A function is given such that f(4)−f(6)=9. If the function is linear, which of the following could the function possibly be?(1 point)
A. f(x)=−4.5x+b for some constant b
B. f(x)=−9x+b for some constant b
C. f(x)=9x+b for some constant b
D. f(x)=4.5x+b for some constant b
D. f(x)=4.5x+b for some constant b
why, explain
To determine which of the given functions could possibly be linear, we need to analyze the differences in the expression f(4) - f(6) when using each function.
Let's test each function option:
A. f(x) = -4.5x + b
Using this function, f(4) - f(6) = (-4.5 * 4 + b) - (-4.5 * 6 + b) = (-18 + b) - (-27 + b) = -18 + b + 27 - b = 9.
Therefore, Option A is a possible linear function.
B. f(x) = -9x + b
Using this function, f(4) - f(6) = (-9 * 4 + b) - (-9 * 6 + b) = (-36 + b) - (-54 + b) = -36 + b + 54 - b = 18.

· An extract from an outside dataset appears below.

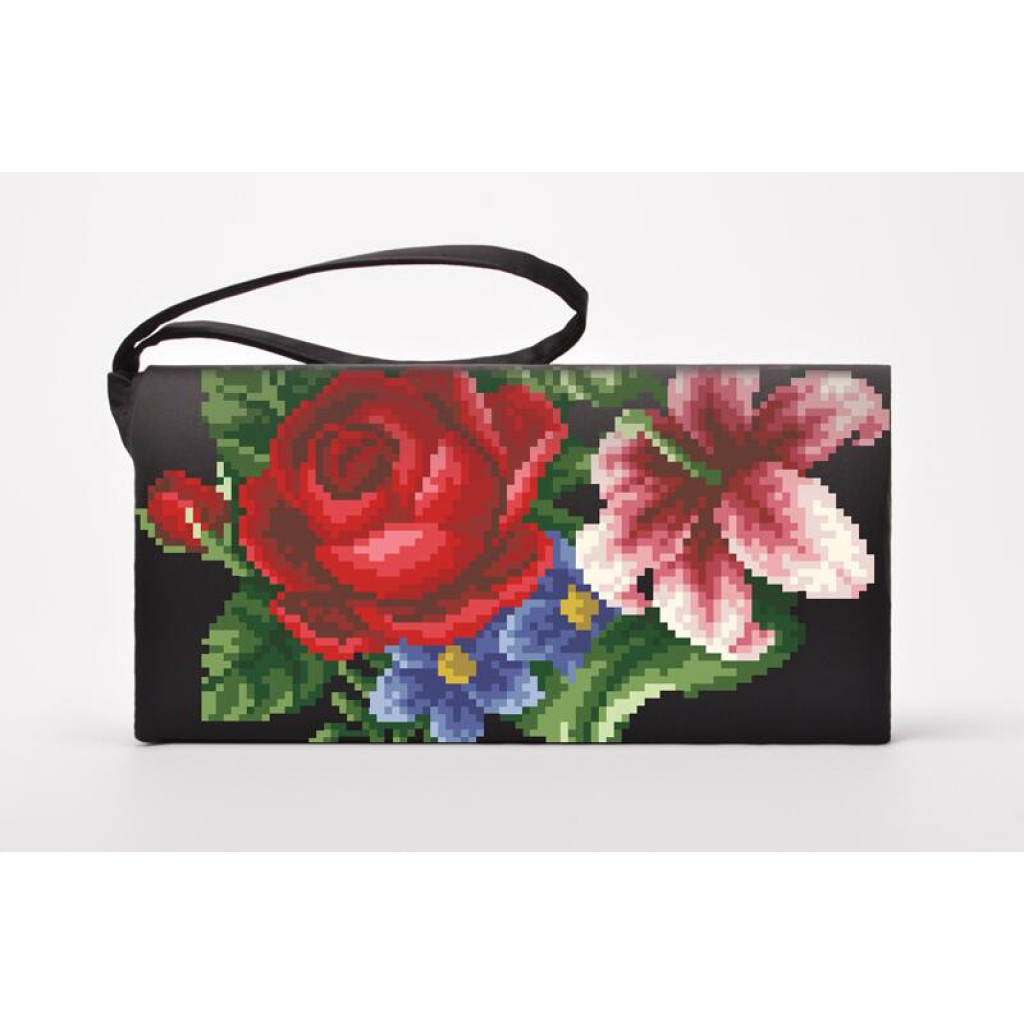 КЛ361лЧ1301i Барвиста вишиванка Набір для вишивки - Клатч Лілеї, троянди, незабудки 21x13 см льон, чорний

Therefore, Option B is not a possible linear function.
C. f(x) = 9x + b
Using this function, f(4) - f(6) = (9 * 4 + b) - (9 * 6 + b) = (36 + b) - (54 + b) = 36 + b - 54 - b = -18.
Therefore, Option C is not a possible linear function.
D. f(x) = 4.5x + b
Using this function, f(4) - f(6) = (4.5 * 4 + b) - (4.5 * 6 + b) = (18 + b) - (27 + b) = 18 + b - 27 - b = -9.
Therefore, Option D is not a possible linear function.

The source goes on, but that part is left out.